■ WHAT IS NEEDED ■
From the first line of the data below through the line holding "The blue marker", output each line exactly and leave the pictures out.

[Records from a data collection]
◇ ◇ ◇ ◇ ◇ ◇ ◇

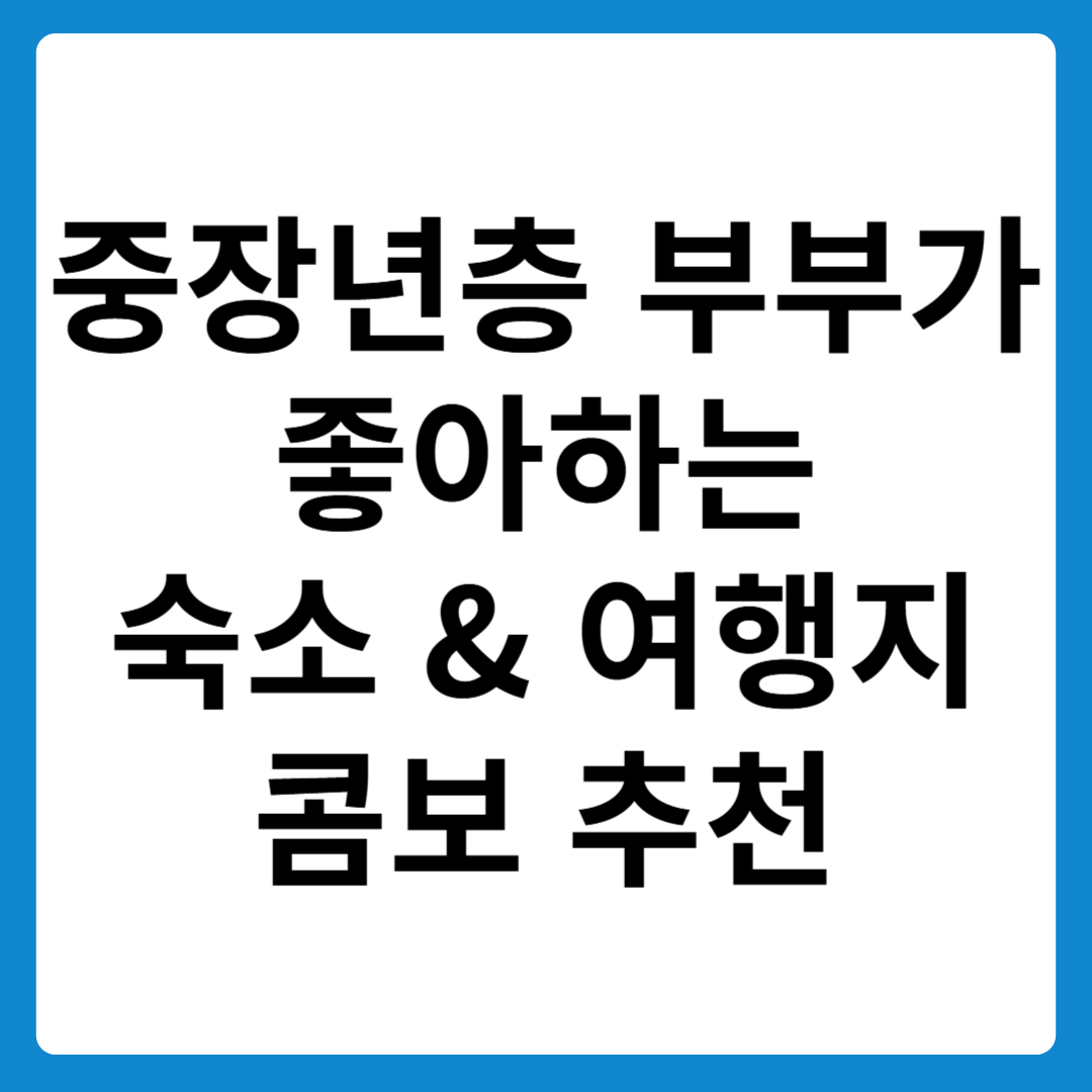이번 글에서는 중년 부부가 함께 즐길 수 있는 숙소 & 여행지 콤보 베스트 추천을 소개합니다.
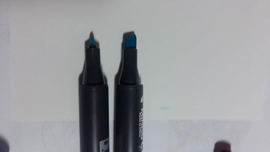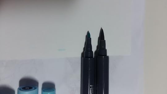 The blue marker of the two watercolour pens was another of the already opened and used ones. The metallic marker was fresh though, and I love how bright it is and how metal it looks. Flows nicely, both of them actually, but I am not sure what I would use them for other than maybe an accent on some line art. Nib press with control, because my heavy hand just makes it puddle everywhere. But the puddle was smaller than the previous pen.
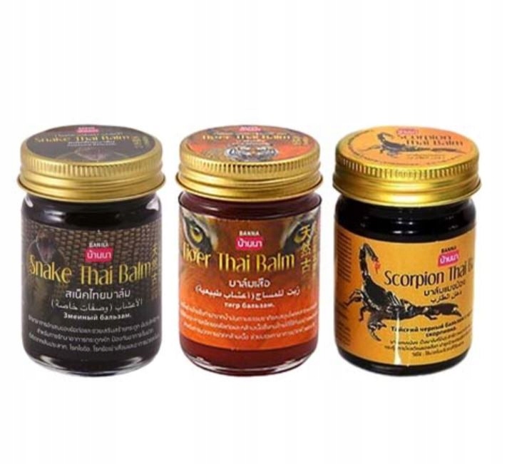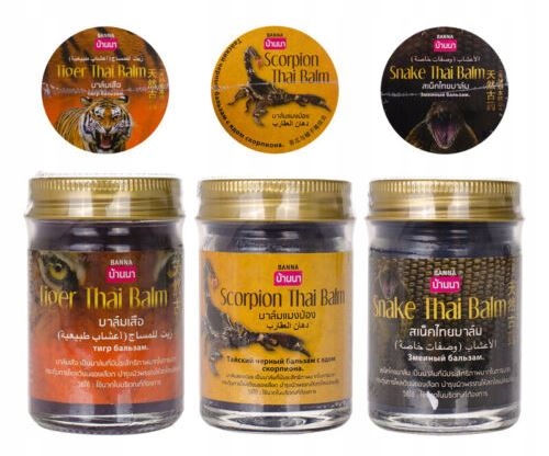Banna Scorpion Thai Balm Black to tradycyjny tajski balsam ziołowy o intensywnym działaniu rozgrzewającym. Jego wyjątkowa formuła zawiera ekstrakt z jadu skorpiona, olej kokosowy oraz bogatą mieszankę ponad 100 ziół leczniczych, które wspierają regenerację mięśni i stawów oraz pomagają złagodzić ból.
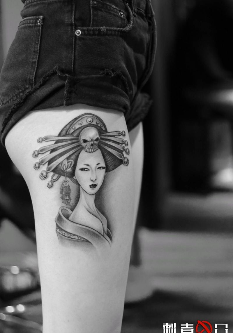 艺伎纹身图片_成品腿部传统习俗肖像人物纹身图案
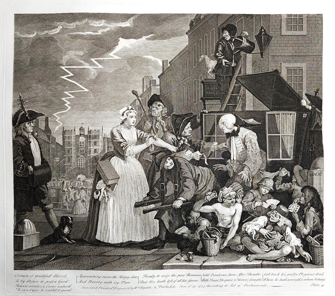Formatosi inizialmente come incisore, Hogarth divenne un illustratore indipendente già nel 1720. Nel tempo libero studiò tecniche pittoriche, in particolare con Sir James Thornhill. Nel 1730 si affermò come ritrattista. Eppure allo stesso tempo Hogarth iniziò a creare serie di immagini aneddotiche che satiravano brillantemente la società e le sue attività. Il primo di questi set, A Harlot's Progress (1732), guadagnò a Hogarth una reputazione nazionale forte e duratura. Nei decenni successivi dipinse e incise singole opere e serie di immagini che costituirono la pietra angolare dell'arte satirica inglese. Grandi maestri come Rowlandson, Gillray, Heath e Cruikshank seguirono le orme di Hogarth.
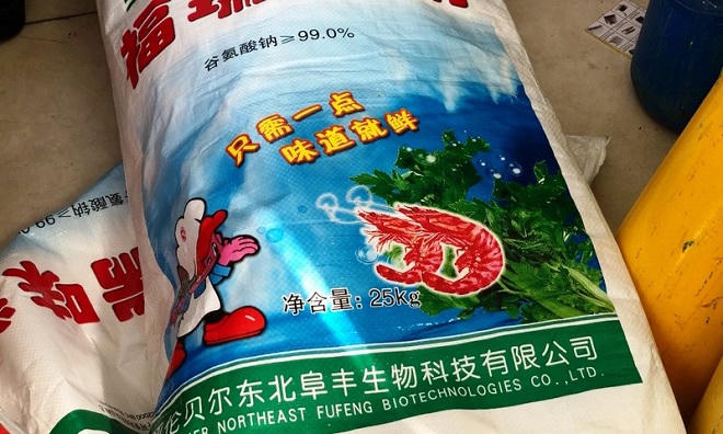 Bằng phương thức tương tự, ông Nam đã mua bột ngọt nhãn hiệu "Con tôm" của Trung Quốc giá 400 ngàn đồng/25kg và “hô biến” thành các gói bột ngọt mang nhãn hiệu A-One nhỏ.
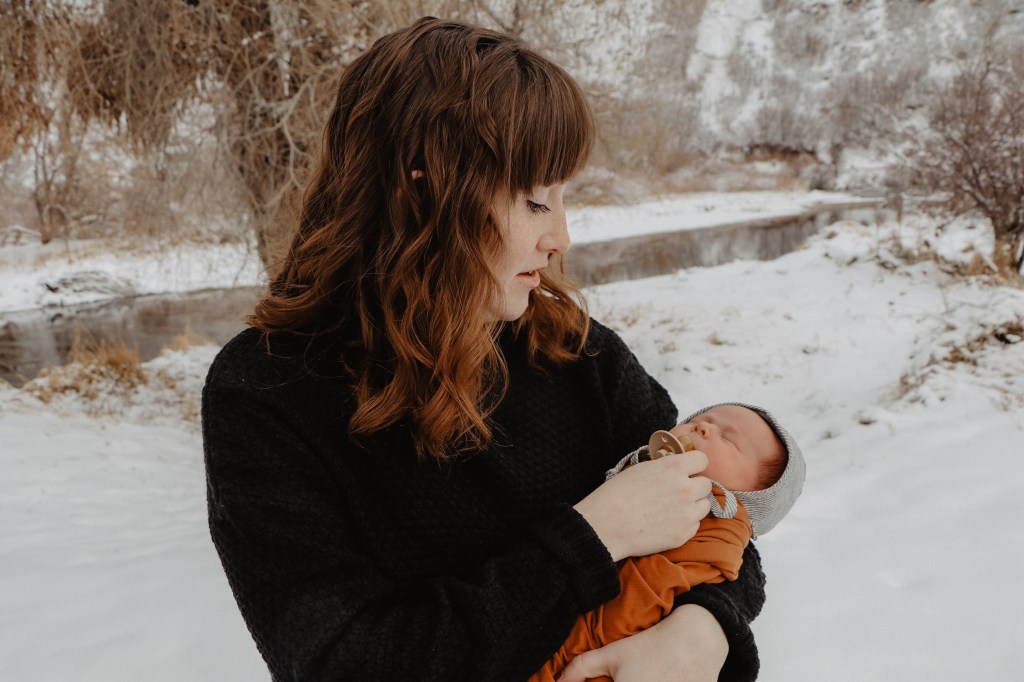 The key to dressing a baby in the cold is layers. The advice that you’ll hear over and over is to dress yourself comfortably and dress your baby in one more layer that you are wearing. Also, both of my babies were winter babies (one born in early February and the other born in late November) so my experience with taking them out in the winter is at the newborn stage and at the late infancy stage.
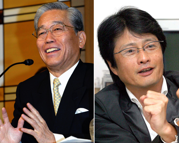 日枝会長(左)の“神の手”があれば…(C)日刊ゲンダイ
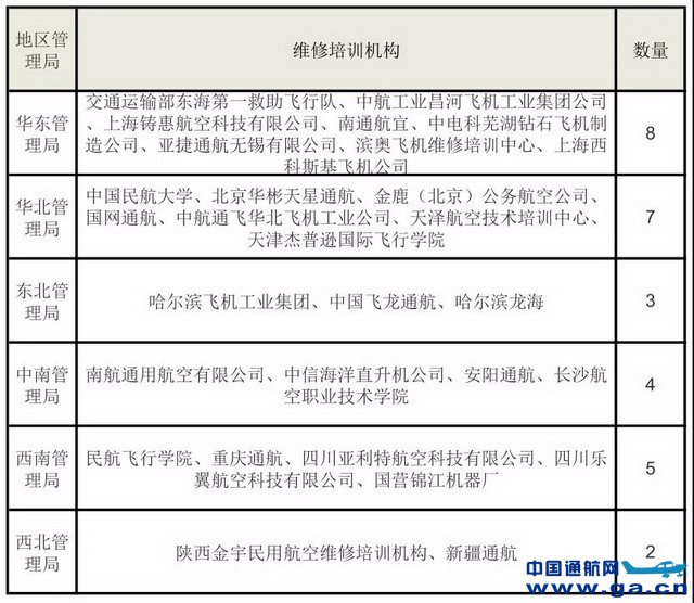 中国通航网 www.ga.cn 通航翻译 www.aviation.cn 本文链接地址:通航CCAR147机务培训机构统计 |
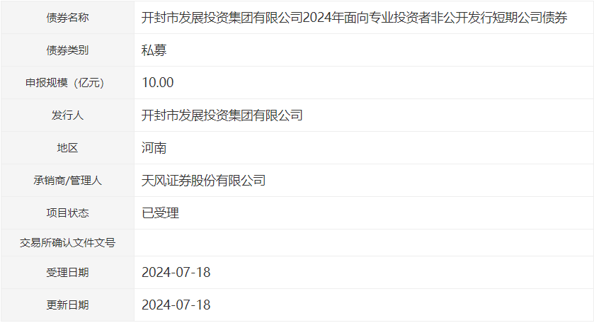 【大河财立方消息】7月18日,开封市发展投资集团有限公司2024年面向专业投资者非公开发行短期公司债券项目,获深交所受理。
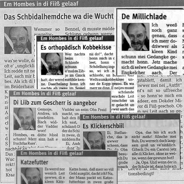 ![]() Der Tag beginnt.... -....middem Leese vumm "Effentliche",richdich heeßt di Daacheszeidung "Oeffentlicher Anzeiger". Es is di Rechionalzeidung vun de "Rhein-Zeitung" in Kowwelenz. De pur Zufall war' s-Ein Fotowettbewerb des Oeffentlichen Anzeigers war an allem "schuld"Als der Oeffentliche Anzeiger im Jahre 1960 einen Fotowettbewerb ausschrieb, den ich damals mit einem Sportfoto gewann, fragte mich der damalige Besitzer der Zeitung, Herr Ferdinand Harrach, ob ich nicht für die Zeitung Sportbilder fotografieren möchte. Da ich im Fotoclub e.V. war, reizte mich das Angebot sehr. Außerdem wurden mir meine Bilder auch noch bezahlt. Ich "stieg" voll ein, kaufte mir einen Vergrößerungsapparat, die nötigen Entwicklungsschalen und machte unser Badezimmer zum Labor. Von da ab war ich Sportfotograf und fuhr mit meinem Moped, das ich mir noch anschaffen musste, den ganzen Landkreis ab, und "klapperte" am Wochenende die Sportplätze und Sporthallen ab, um meine Bilder zu schießen. Mit dem Moped bis nach Bärweiler bei Kirn, das waren schon Unternehmungen. Das Honorar lag damals bei 5 DM pro Bild! Von lukrativem Geschäft konnte keine Rede sein, es war mein sich selbst finanzierendes Hobby. Die Freude am Fotografieren ließ mich die Strapazen vergessen. Bald fotografierte ich auch für die Kreisredaktion der Zeitung und später hie und da auch Fotos aus dem Lokalgeschehen der Stadt. Bei der Fassnacht, den Kleingartenfestchen oder bei Kirchenchören. Die vielen Bälle fotografierte ich mit großem Eifer und Interesse im Bad Kreuznacher Kurhaus. Nichts auf dem Gebiet war wir fremd, auch Werbeaufnahmen für die Chrysanthemen-Großgärtnerei Hartmann fielen an. Meine Freizeit war voll ausgefüllt und die Familie hatte in dieser Zeit recht wenig von mir."Der Papa ist fotografieren!" war der Standartsatz zu Hause. Also, seit l960 honn ich for de "Effentliche" Bilder gemacht, foddegrafiirt un aach entwickelt. Seit e' paa Johr honn ich das awwer ingeschränkt, es wa merr zu schtressisch un ich honn aangefang "Schdiggelcher" ze schreiwe, in Mundart nadiirlich. Em Hombes in di Fiiß gelaafhonn ich di Glosse genennt un seit e' paa Johr erscheine di Schdiggelcher vun Zeit ze Zeit in dere Zeidung, zur Freid, ve' leicht aach zum Ärjer vun de Leit, je nodem ob merr betroff is odder nit. Es liibscht simmer awwer di "Schdiggelcher" di ich iwwer mei Engkelkinnercher schreiwe kann, wenn di merr e' Grund liwwere. Di "Schdiggelcher" sinn nit erfunn, di hot' s Leewe geschribb. Aan dem Platz erscheine jetz for di intressiirde Hompädschgugger di akduelle "Schdiggelcher" aus' em Effentliche. E'Schdiggelche aus'em >Oeffentlichen Anzeiger<Die Weihnachtslieder sind verklungen.... .. Di Feijerdaache sinn e` rumm, vors Eerschde; was e` Glick! Mei Mudder saat frihjer schunn, vor iwwer verrzich Johr:“Merr graut` s widder vor de Feijerdaache!“ Heit weeß aach ich warum. Glöckleinklingeln, leise rieselnder Schnee, (hot den schunn e` mol eener blotze geheert?) odder de Tannebaam, vun dem merr jetz merkt, daß` er griin is, di „Kindlein“, di jetz all komme wolle, un si kame aach! O ha! Un vun der „stillen Nacht“ wa nix mehr ze heere! Wi das in ordentliche Famillje sich geheert, dodezu zähle merr uns, werrd’s eerscht gesung, bevor deno dann es Krischkinnche kimmt un merr dann di scheen Bescheerung hot. „Also,“ saat ich, als merr bei meine Dochder di Bescheerung gemacht honn,“lee di Platt uff un loss di Kinner singe, devor gibt’s nix! Es Krischkinnche kimmt immer erscht no’m Singe, das wa bei mir deheem schunn so.“ Di Platt leit uff, e’laude Biibston erschallet durch di Lüfte, un de Schwiirsohn schderzt aan de Pladdeschbiiler, er wa falsch ingeschdellt. Dann awwer: „Stille Nacht, heilige Nacht....“ das Liid kam ze frih, denn mei Dochder hatt’s Bimmelche nit gleich gefunn, do kame di Kinner schunn di Trepp e’runner geschderzt. „Sofort geht’er widder in Eijer Schdubb! Das Christkind ist noch nicht da gewesen und es hat auch noch nicht geklingelt!“ Wi uffgescheichte Hingel ve` schwinne di Kinner widder no owwe in ihr Schdubb. Merr suche mit alle Mann di Bimmel. – Dann hatt ich` se! Unnerm Krischbaam hatt’se im Krippche gelee. Scheint’s hatt’se der Kleen neewer di Kripp geleet, damit’ s Jesuskinnche nor nit inschläft, wenn’s Krischkinnche kimmt. Jetz hot di Dochder gebimmel un di „Heilige Nacht“ is schunn langsam geeje Moije gang, es wa di dritt odder virrt Schtroof am Laafe, als di Kinner di Trepp e’runner un in di Schdubb gerennt kame. Ihr Mudder kann nit singe, de Vadder is mit fünnefeverrzich noch im Schdimmbruch, nor de Kinner ihr Oma un ich, mir honn gesung: „...tööö önt es lauu ut von fe ern und naah: Chriiist der Retter ist daaaa aaaa! Chriist ist der Retter ist da!“ Do hatt der Kleenscht, es Steffanche, schunn sei eerscht Tutt aussordiirt un reißt am große Pageet es Babiir ab. „Das läschde sofort sein!“ schreit sei Mudder, un de Bub brillt. „Eerscht werrd gesung, sunnscht gibt’s nix! Merkt’s Eich! Das Christkind guckt durchs Fenster ob Ihr auch brav seid.“ saat de Kinner ihr Mudder im feinschde Hochdeitsch, dem’se mächdich wa. Der Kleen leeft aans Fenschder for ze gugge, wo’s Krischkinnche is, das es zu geere e’mol gesihn hätt. Jetzt singe wir einmal zusammen. Du hast doch auch etwas im Kindergarten gelernt, Steffan. Sing „Eine rote Kerze“! Es kam nix aus’em Kleen e’raus, kee Ton! De Pladdeschbiiler leeft im Hinnergrund mit „Oh du Fröhliche..“. De Vadder schdellt`s Gerät ab. Der Kleen hatt immer noch kee Ton gefunn, doch dann singt’er uffemool: „ Eine dicke rote Kerze brennt ...“, doch deno hadder de Text ve’gess un is brillend unner de Krischtbaam geloff. Scheint’s wollt’erm Jesuskinndche sei Leid ve’zehle, daß’er de Text ve’gess hatt. E’Verrdelschunn hodden sei Mudder ve’sucht ze beruhiche, es iss`er nit gelung. Bis ich saat: “Es werrd nit mehr gesung, ich bin’s leedich! Jetz werrd b
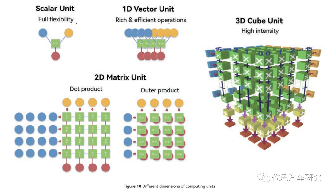 标量基本近似CPU,灵活性最高,但针对AI运算力最低。1D矢量近似于GPU,灵活性居中,AI算力中等,CUBE针对2D矩阵,也就是一般意义上的张量。

◇ ◇ ◇ ◇ ◇ ◇ ◇

■ EXERCISE SOLUTION ■
이번 글에서는 중년 부부가 함께 즐길 수 있는 숙소 & 여행지 콤보 베스트 추천을 소개합니다.
 The blue marker of the two watercolour pens was another of the already opened and used ones. The metallic marker was fresh though, and I love how bright it is and how metal it looks. Flows nicely, both of them actually, but I am not sure what I would use them for other than maybe an accent on some line art. Nib press with control, because my heavy hand just makes it puddle everywhere. But the puddle was smaller than the previous pen.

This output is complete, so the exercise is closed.